Después de ser motivo de debates en la Asamblea Legislativa, finalmente la Ley 157 fue promulgada por el presidente Rodrigo Paz. El interés de esa norma —remitida al Legislativo durante el gobierno de Luis Arce Catacora— es agilizar los créditos para campesinos que tienen pequeñas propiedades, de tal forma que puedan obtener dinero para mejorar su producción dirigida a los mercados urbanos. Esa ley no pudo prosperar desde hace más de dos años, pasando por las Cámaras de Diputados y Senadores para su tratamiento.
Con la Ley 157, el campesino productor puede convertir su título de propiedad de tierra de pequeño a mediano ante el Instituto Nacional de Reforma Agraria (INRA), lo puede hacer voluntariamente y sin costo. Así podrá tener acceso al crédito bancario, posibilidad de la que fue privado, durante los gobiernos “masistas”, por la Constitución Política vigente desde 2009. Esa medida había paralizado la agricultura, en particular en la zona andina y valles del país, causando grave daño a la economía nacional, así como redujo el abastecimiento de alimentos a mercados internos. Es más, determinó que, ante la escasez de alimentos, apareciese el gran contrabando de alimentos. Al mismo tiempo, los gobiernos del MAS se vieron obligados a hacer grandes importaciones de alimentos, así como autorizar importaciones privadas de alimentos. Tal disposición fue criticada porque era discriminatoria, antieconómica y, además, afectó los ingresos tributarios para el Estado.

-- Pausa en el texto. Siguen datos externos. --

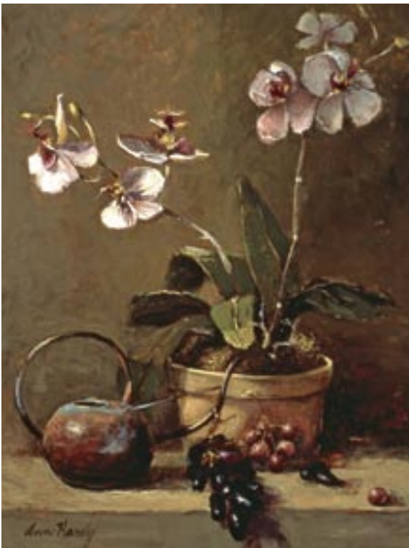
ANN HARDY, Colleyville, Texas "Orchids to You", Oil, 24 x 18, $4,000
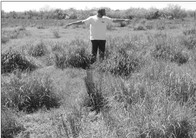
Figure 1. Counting clump grasses along a transect.
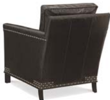
L5535 Gotham Chair Leather with Studded Cuffs

Reminiscent of a studded leather jacket, our black leather chair is adorned with alternating nickel and pewter nails, a detail that feels more polished than rough.
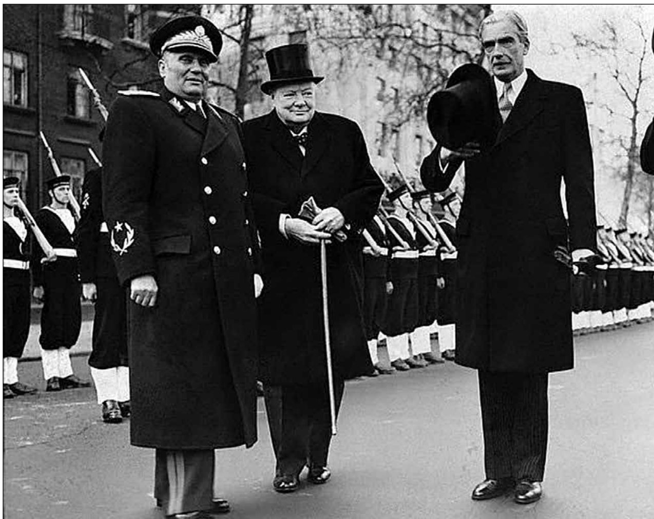
Fig. 3: Tito, Churchill and Eden in London, March 1953. Sl. 3: Tito, Churchill in Eden v Londonu, marec 1953.
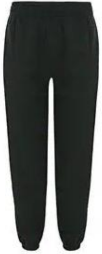
BLACK JOGGING BOTTOMS
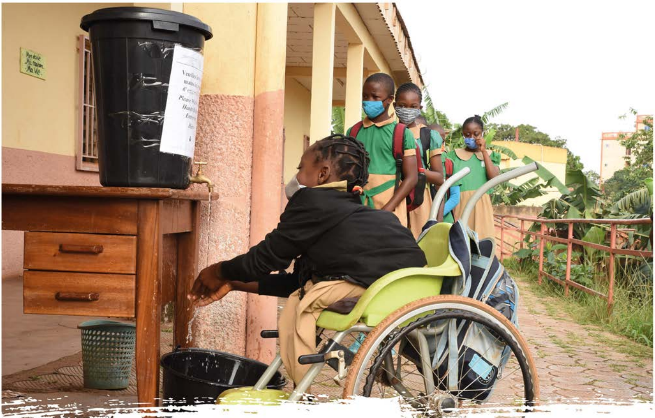
Pupils washing their hands before entering the classroom at a CBM partner inclusive school in Cameroon.

Accessible water, sanitation, and hygiene (WASH), including menstrual hygiene management facilities and practices, are important in education settings generally and vital for mitigating the spread of viruses in schools. Effective infection prevention and control is essential for safely re-opening and running schools during the pandemic. We must keep learners and education personnel safe in schools.
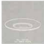
No. P.107 12" PLATE
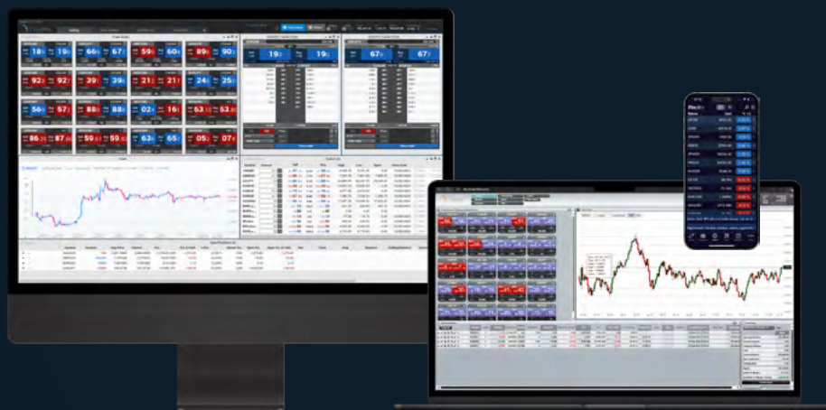
*Instruments and prices for illustrative purposes only
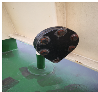
Hydrant connection type DN50, PN16.
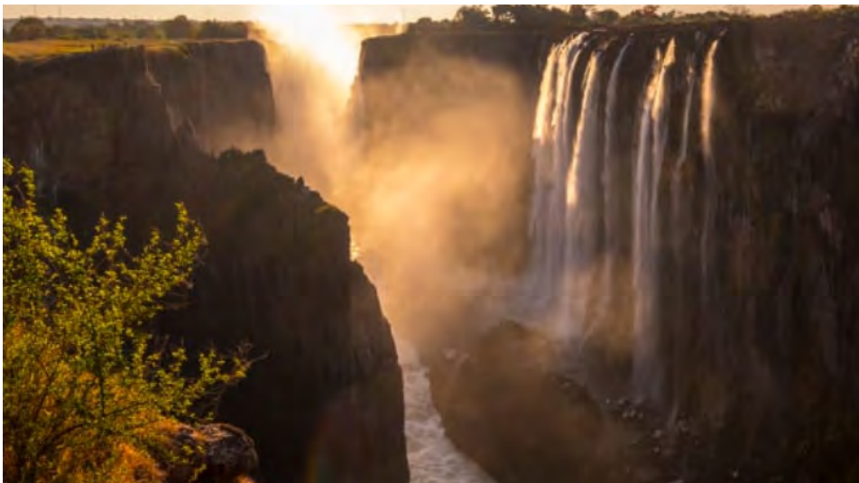
Victoria Falls offers thundering cascades, white water rafting, zip line facilities and bungee jumping.
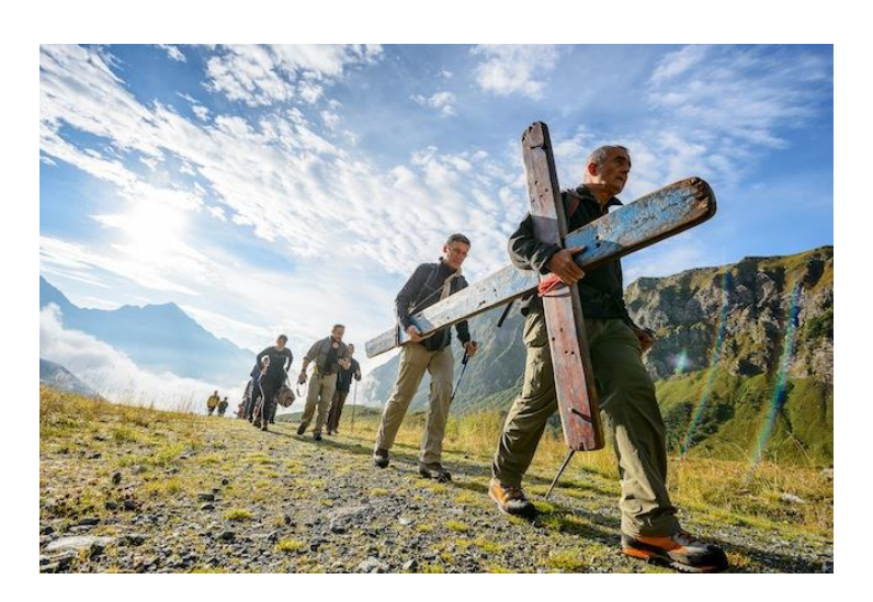
Figure 6. Lampedusa cross on Monte Rosa, Italian Alps.

On April 2014, one year after his visit to Lampedusa, the pope blessed the original cross in Rome, inviting the believers to carry it in pilgrimage "everywhere." During the Extraordinary Jubilee of Mercy, on the day of the "Jubilee of the Migrants" (January 17, 2016), it was displayed in St. Peter's Basilica. It had already been carried over the Alps (Fig. 6) and was later taken to many towns, including Rimini (in 2016), during the annual meeting "Friendship among the Peoples," organized by the ecclesiastical movement Communion and Liberation; York (in 2016), where it was displayed in the Baptistery of St. Wilfrid's Catholic Church; and Barcelona (in 2017), where it was exhibited at the expiatory temple Sagrada Familia.
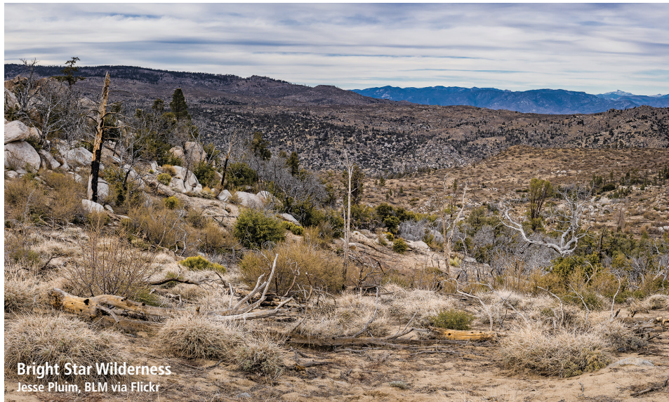
Bright Star Wilderness

The agency proposes a plethora of activities incompatible with Wilderness—helicopter landings, chainsaws, and drones to ignite an undetermined number of fires over 15 years. These activities violate a fundamental tenet of Wilderness—that it remains “untrammeled.” BLM should drop this plan and instead let natural fires shape the Powderhorn. 🌿
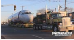
US Airways flight 1549 Being Transported to Harrison NJ
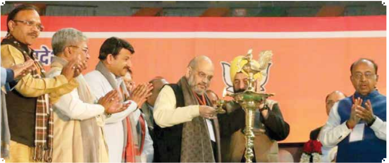
BJP National President Shri Amit Shah flanked by other senior leaders of Delhi BJP lighting the lamp at the massive Booth Sammelan organised by Delhi State BJP at IG Stadium, New Delhi
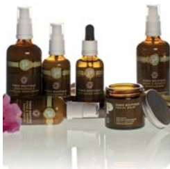
Pinks Boutique offers a range of organic products

However, the group said that global RevPAR growth stood at 7 per cent for the third quarter if Egypt, Japan and Bahrain were excluded. Elsewhere, IHG reported an increase in revenue for the three-month period and a reduction in its net debt, while operating profits were also up on the same quarter in 2010.
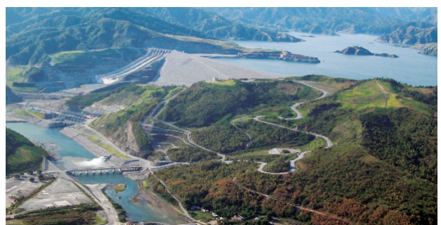
View of the San Roque Hydropower Station in the Republic of the Philippines

When doing these overseas activities, we aim to make the projects and consulting more valuable by introducing highly efficient equipment and implementing maintenance in such a way KEPCO have done in Japan, while contributing to improving the power infrastructures of our partner countries and mitigating impact on the global environment.
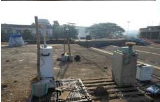
Plate – 3 c: View of the PM10 and PM2.5 Samplers placed at the NAMP Monitoring Station at Mapusa, Goa
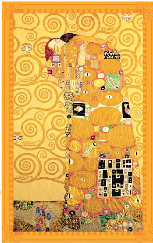
The Tree of Life by Gustav Klimt, 1905
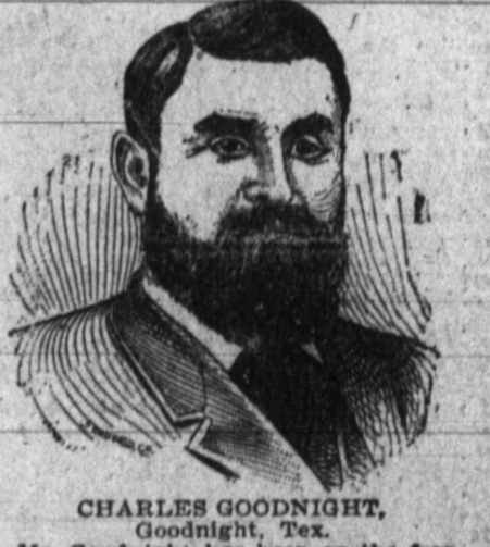
CHARLES GOODNIGHT, Goodnight, Tex.

Every man interested in raising cattle, horses or hogs should be familiar with the line of breeding that is true to itself.
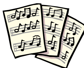
Women's Committee for Children's Concerts Art Contest 2010
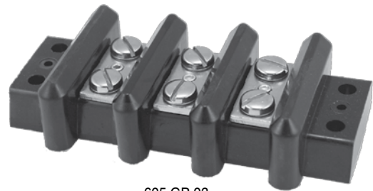
605 GP 03
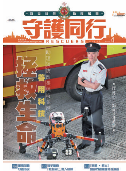
消防處刊物《守護同行》。 FSD's publication rescuers.

消防處於2018年推出宣傳角色「任何仁」，向公眾推廣「只要敢，就救到人」的信息。其諧音「任何人」，亦寓意「任何人都可以救人」。
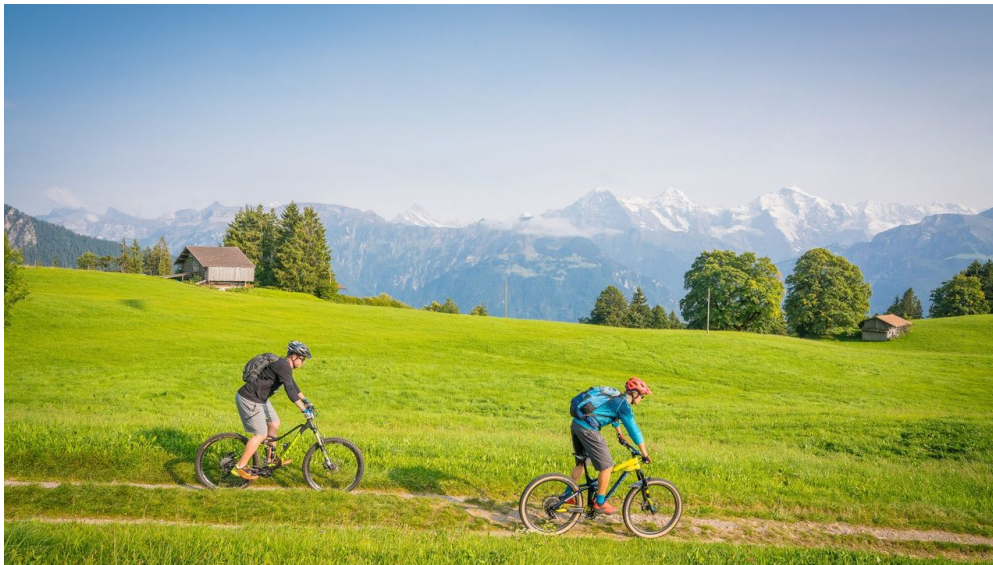
Aussichtsreiche Tour
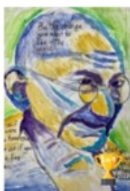
Be The Change You Wish Noah Shah Watercolours and Pen, 29cm, 21cm
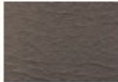
Ultraleather Sofa Bed, Sofa Sleeper, Love Seat & Free-standing Recliner
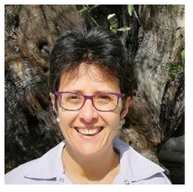
Analytical Performance Specification for EQAS
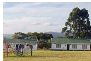
Lily of the Valley South Africa | Eston
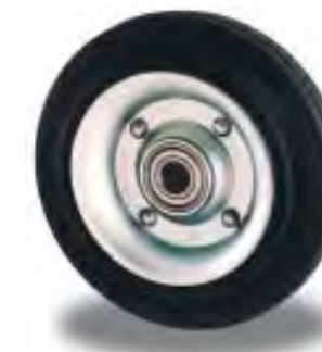
RUOTA SU CUSCINETTI WHEEL ON ORIGINAL BALL BEARINGS
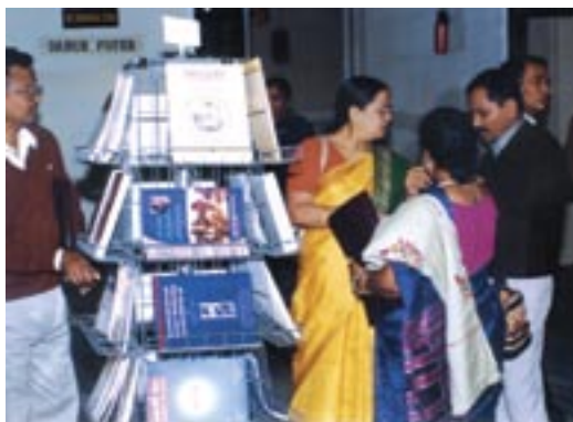
NUEPA's publications on display

The University has a well established library and documentation center, publication unit, computer center, electronic data processing unit and a cartography cell. Candidates admitted to the Ph.D. programme shall have access to all such facilities in connection with their Ph.D. work.
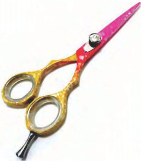
Professional Hair Cutting Scissor Paper Coated Size: 5", 5.5", 6", 6.5"
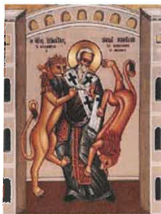
St. Ignatius of Antioch c. 50 - c. 107 Early Church Father Bishop and Martyr Memorial - 17 October
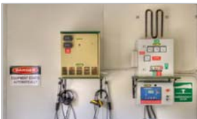
IMG10: Constant volt charger (left) and turbine controller (right)
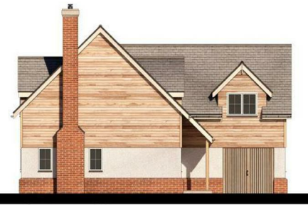
Proposed South Elevation 1:100
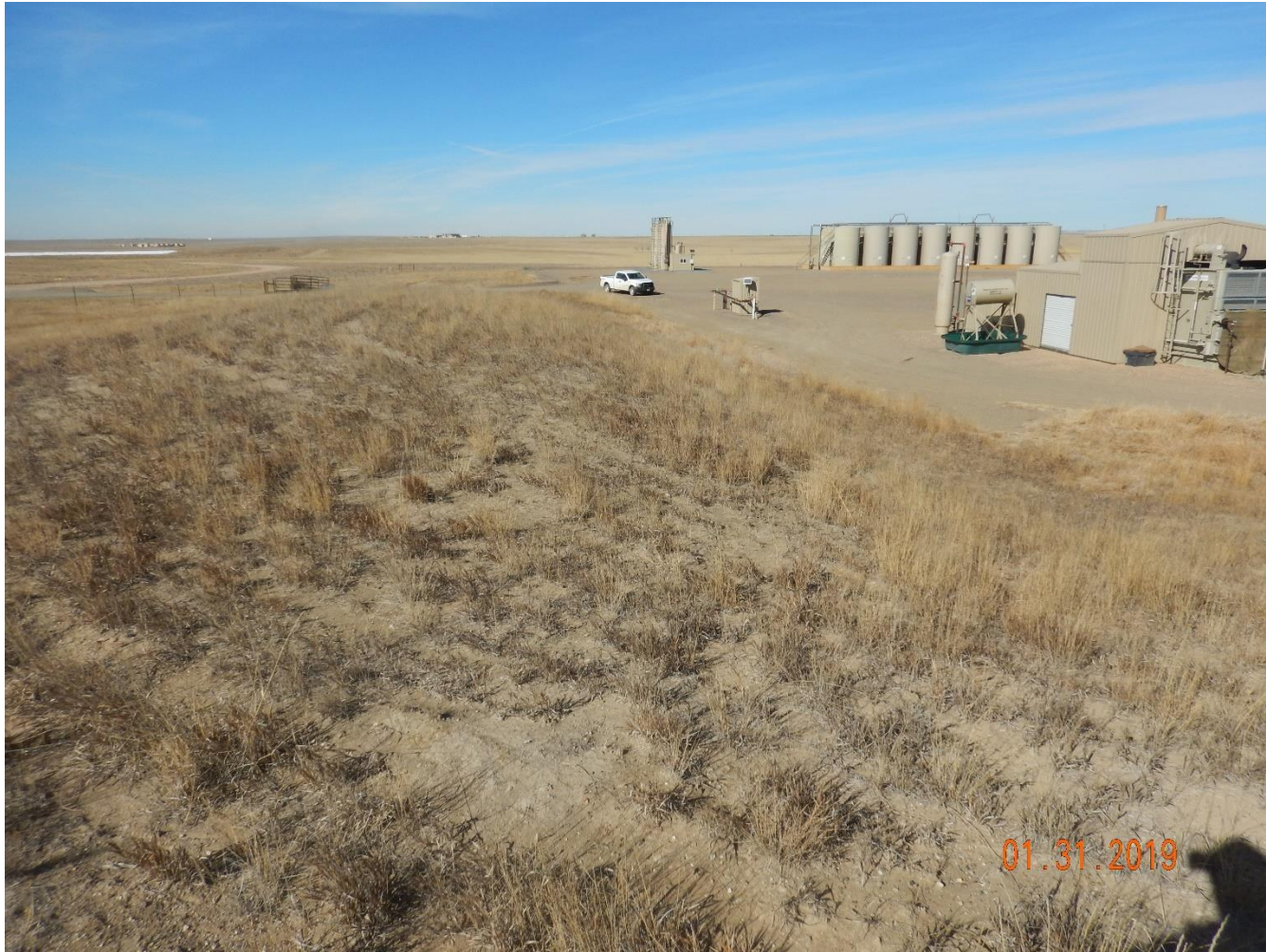
Photo 6: Photo taken from the southeast corner of the location, facing northwest. Photo shows interim reclamation has not been conducted in accordance with COGCC rule 1003

La prohibición para la venta de tierras dotadas por la reforma agraria de 1953 a campesinos, pequeños propietarios, ya había sido puesta en aplicación por el gobierno de René Barrientos y solo fue elevada a rango constitucional por el gobierno de Evo Morales, sin posibilidad de que pudiese ser reformada, abrogada o derogada.
En el debate sobre la Ley 157 había hay dos corrientes parlamentarias. Una quería una reforma superficial y la otra solo modificaciones secundarias, sin que el punto central del proyecto pueda ser resuelto para que los campesinos tengan acceso al crédito bancario. Para que se devuelva a los campesinos no solo el derecho de propiedad, sino también la misma tierra, porque si ellos no pueden vender sus parcelas, dejan de ser propietarios.
De esa manera, mientras los grandes dueños de tierras pueden venderlas y obtener grandes créditos, los productores agrícolas pequeños no podían obtener créditos ni vender sus terrenos, lo cual implica empobrecimiento y discriminación. Hoy con la promulgación de dicha norma, los pequeños agricultores recuperan sus derechos económicos en alguna medida.
Finalmente, si la reforma agraria de 1953, liberó al campesino y liberó las tierras, ahora se espera que mejore la situación de los campesinos que requieren financiamiento para producir más en sus parcelas, lo que puede dar lugar a un mayor abastecimiento de mercados internos, con productos nativos.